— Не уверен, — возразил рыцарь. — Насколько я знаю, когда король слабовольный или разумом недужный на престол восходит, панство обычно жиреть начинает. А ты что-то про смерть лютую… От обжорства не иначе?
— Ишь, как заговорил! — восхитился разбойник. — Ты ж сам из панов! Или нет?
— Из панов. Но мы в Чечевичах больше не за богатством гонялись, а за славой воинской. Это князья познатнее так и норовят от королевства куски послаще откусить, прожевать и сглотнуть.
— Вона как! Что ж, сладкая бузина! Не ошибся я в тебе, пан рыцарь. Именно такие люди мне нужны сейчас. Да и в будущем без них не обойтись. Скажу тебе, положа руку на сердце. Честно, как товарищу и побратиму скажу… — Годимир почувствовал, что глаза начинают округляться и вылезать из орбит от неожиданно проникновенных речей разбойника, о жестокости которого он наслушался немало и никакой приязни не испытывал, да и испытывать не мог. — Скажу всю правду, сладкая бузина. Панство в Заречье тоже не привыкло с торговли и ростовщичества богатеть. Тут каждый меч на счету. Ты не сожрешь соседа, так сосед тебя сожрет. А с таким королем, как Сдемил — сынок Кременя, королевство зимы не переживет.

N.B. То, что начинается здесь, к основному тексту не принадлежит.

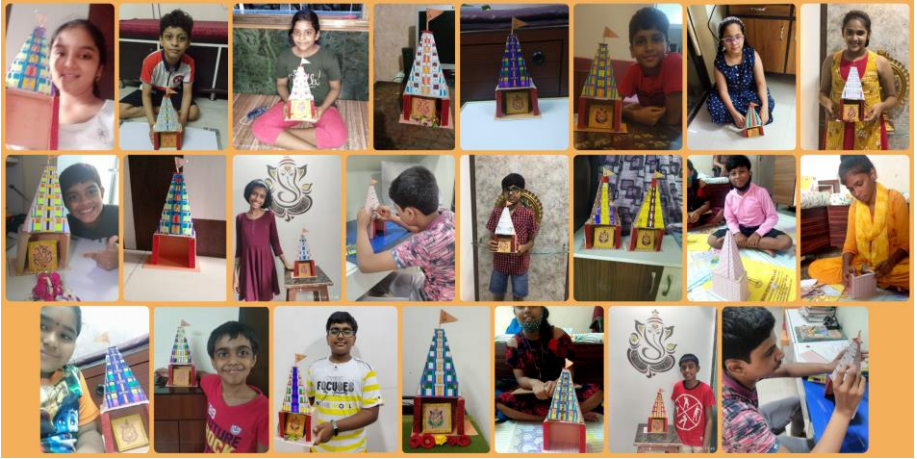
Children exhibiting their art work during the online camp

Набегут соседушки, разнесут по бревнышкам, как избушку, землицу и кметей поделят. Нельзя юродивого к власти допускать, сладкая бузина. В церковь, в монастырь — пожалуйста. А к короне — никак нельзя. Потому свое же панство не примет Сдемила на троне. А других детей у Кременя нет. Не сподобил Господь. Даже ни с какой кухаркой ублюдка не прижил. Зато есть у короля Кременя, сладкая бузина, племянница, звездочка моя. По праву майората она самая близкая наследница.
— А королева? — спросил Годимир. — Или Кремень тоже вдовый? Все короли у вас вдовцы, что ли?
— Не вдовый! — ответила вместо Сыдора Аделия. — Только супруга его пришлая. С севера. Аж из-под Дыбще коряга мореная приехала. Кто с ней считаться будет.
— Ну… — Словинец развел руками. — У вас уже все продумано. И не скажешь ничего супротив…
— Это еще что! — снова начал горячо говорить разбойник. — Ломыши и Ошмяны объединим, вдвое сильнее, нежели любой сосед станем. Не мы их бояться будем, а они нас! Да еще с оружием мэтр Вукаш…
— Пан Сыдор, — решительно воспротивился излишней болтливости лесного молодца загорец. — Пан Сыдор, мы тут никак завтракать собрались?
— Само собой, сладкая бузина!
— Так давай еще по одной и за ложки возьмемся. А то кишки сводит. Того и гляди, громче нас кричать начнут.
Сыдор хэкнул, кивнул. Махнул рукой Будимилу.
Наливали здесь умело. По самые края, но так, чтоб ни капельки не скатилось по пузатому боку чарки.
Пили тоже умело. Все. Даже королевна. Годимир подумал, что может не угнаться за остальными, если корчага Будимила изначально была полна хотя бы на две трети.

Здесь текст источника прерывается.